The process of taming kittens could last from two weeks to six weeks. This depends on the age of the cat and its wildness. Kittens of the same litter could be radically different from one another. A few kittens could take a long time taming. If you are tasked with such an animal, patience is the key. The taming process is a worthwhile one. The end result is a loving and affectionate companion.

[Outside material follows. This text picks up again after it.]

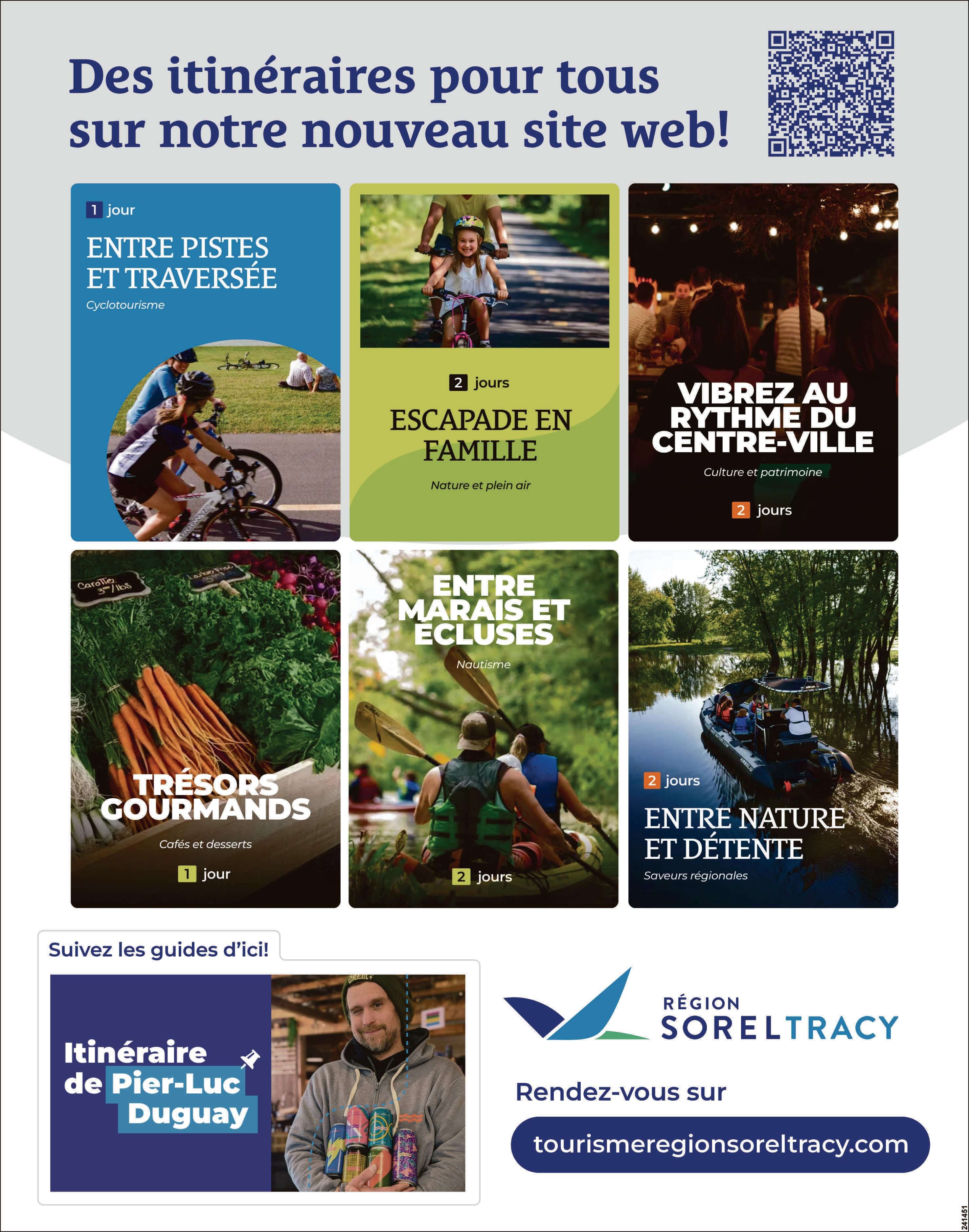 Signe d’une région qui bouge sans arrêt, Tourisme région Sorel-Tracy lance aussi un nouveau site Web, renouvelé, de nouveaux itinéraires personnalisables qui seront en ligne et sur la page Facebook, une carte pour les amateurs de planche à pagaie, un signet touristique avec code QR, etc. « Tous nos membres ont refait leur photo professionnelle pour notre site Web pour que le tout soit encore plus attrayant. »

The containment process for taming a wild kitten has multiple stages. These include containment in pet carrier followed by a brief and periodic handling using a protective towel. The kitten then gets transferred to a small room. It is then exposed to other humans, and when it is “prepared” get placed in an adoptive home.

First stage

The first containment stage will see the kitten hissing when it sees humans. This happens as it is terrified of us. The kitten will think of you as a predator and try to escape whenever it sees any chance. The baby may think it is necessary to fight for its life. Get the kitten checked by a veterinarian. It must be free of any disease before you bring the kitten home. If you do bring it to your residence, keep it locked inside a roomy cage apart from any other pets in the house. Keep it isolated from the other cats and wear gloves while handling it.

Building trust

Do not try to handle the kitten during the first couple of days. The kitten must feel it can trust you. Place food, water, and bedding inside the cage. In case you have no cage, keep them in a small room. Place the litter box in the room and do not forget to leave open the carrier door so that the kitten can get inside the box. A few give the kittens their own clothing as beds to make them used to human smells.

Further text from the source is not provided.